Reputation: 1337
As much as I've tried I can't seem to find the correct regex to locate what I'm after here.
I only want to select the first instance of the url that matches the domain www.myweb.com from the following...
Some text https://www.myweb.com/page/cat/323123442321-rghe432 and then another https://www.adifferentsite.com/fsdhjss/erwr
I need to completely ignore the second url www.adifferentsite.com and only work with the first one that matches www.myweb.com, ignoring any other possible instances of www.myweb.com
Once the first matching domain is discovered I need to store the rest of the url that comes after it...

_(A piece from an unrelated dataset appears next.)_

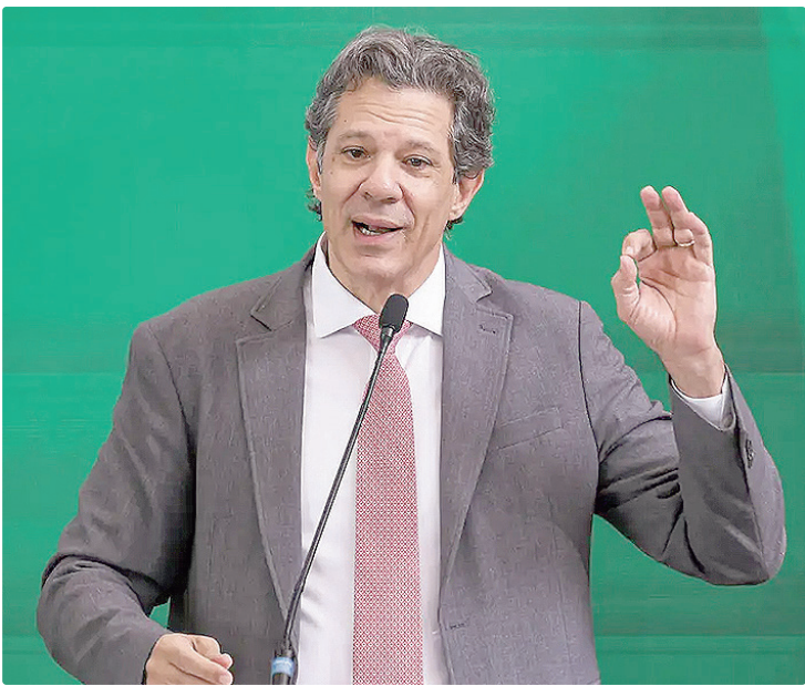
Segundo Haddad, o Brasil vive período de menor desemprego e inflação

Segundo ele, o governo está conseguindo conciliar o melhor de dois mundos: um país com menor desemprego e menor inflação. O Brasil atingiu no último trimestre uma taxa de desemprego de 5,4%. É o menor índice registrado pela série histórica do Instituto Bra-

page/cat/323123442321-rghe432
...into a new variable $newvar, so...
$newvar = 'page/cat/323123442321-rghe432';
I'm trying :
return preg_replace_callback( '/http://www.myweb.com/\/[0-9a-zA-Z]+/', array( __CLASS__, 'my_callback' ), $newvar );
I've read tons of documents on how to detect url's but can't find anything about detecting a specific url.
I really can't grasp how to formulate regex so this formula is incorrect. Any help would be greatly appreciated.

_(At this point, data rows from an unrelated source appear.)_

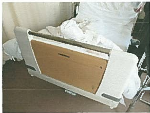
Cu+ベッド (フランスベッド製 クリーンライト製ヘッド・柵、オーバーテーブル、ヘッド・フットレール)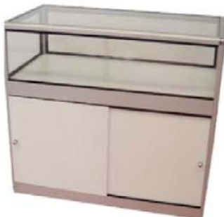
REF. M22 Mostrador Vitrina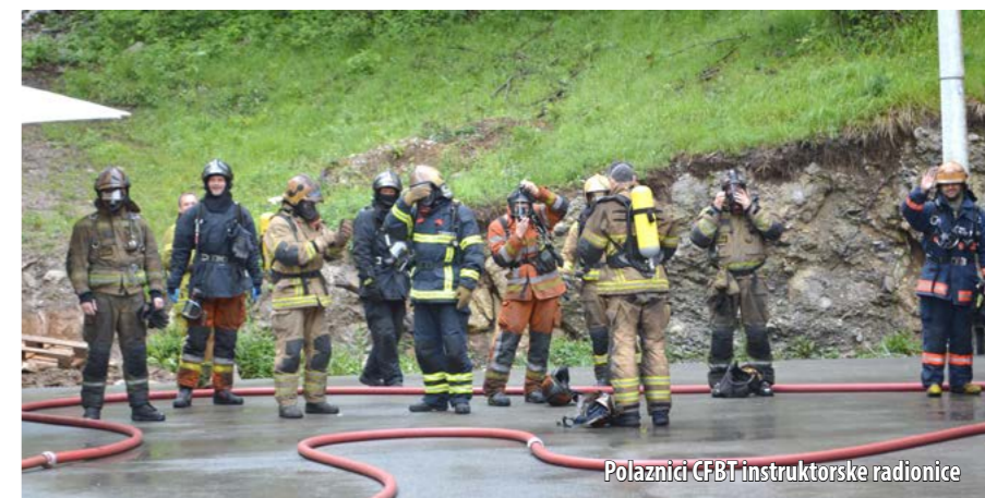
Polaznici CFBT instruktorske radionice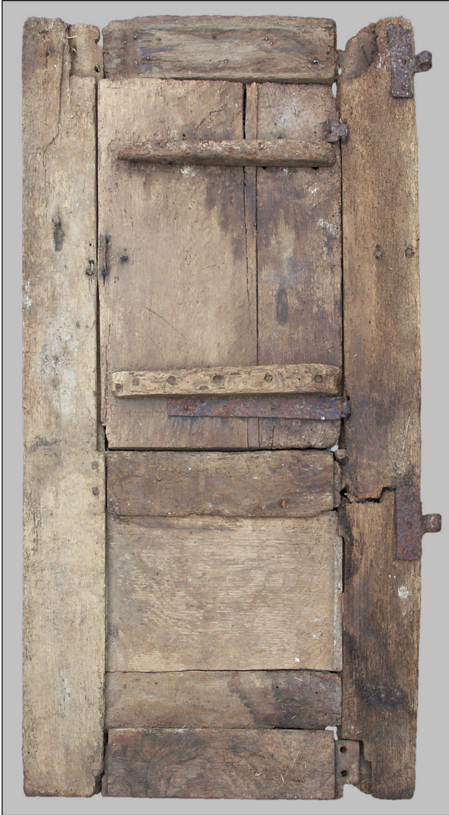
Fig. 3.1. Elévation intérieure

EDIT Edited the question to be a bit more specific and hopefully a bit easier to resolve.
Upvotes: 2
Views: 1650
Reputation: 627410
You can use a preg_replace_callback
and pass an array into the anonymous function (or just your custom callback function) to fill it with all the necessary URL parts.
Here is a demo:
$rests = array();
$re = '~\b(https?://)www\.myweb\.com/(\S+)~';
$str = "Some text https://www.myweb.com/page/cat/323123442321-rghe432 and then another https://www.adifferentsite.com/fsdhjss/erwr";
echo $result = preg_replace_callback($re, function ($m) use (&$rests) {
array_push($rests, $m[2]);
return $m[1] . "embed.myweb.com/" . $m[2];
}, $str) . PHP_EOL;
print_r($rests);
Results:
Some text https://embed.myweb.com/page/cat/323123442321-rghe432 and then another https://www.adifferentsite.com/fsdhjss/erwr
Array
(
[0] => page/cat/323123442321-rghe432
)
A couple of words:
'~\b(https?://)www\.myweb\.com/(\S+)~'
has ~
as a regex delimiter, so you do not have to escape /
\\S
\b(https?://)
(that matches a whole word http
or https
followed by ://
) and (\S+)
(that matches 1 or more non-whitespace characters). These capturing groups are marked with (...)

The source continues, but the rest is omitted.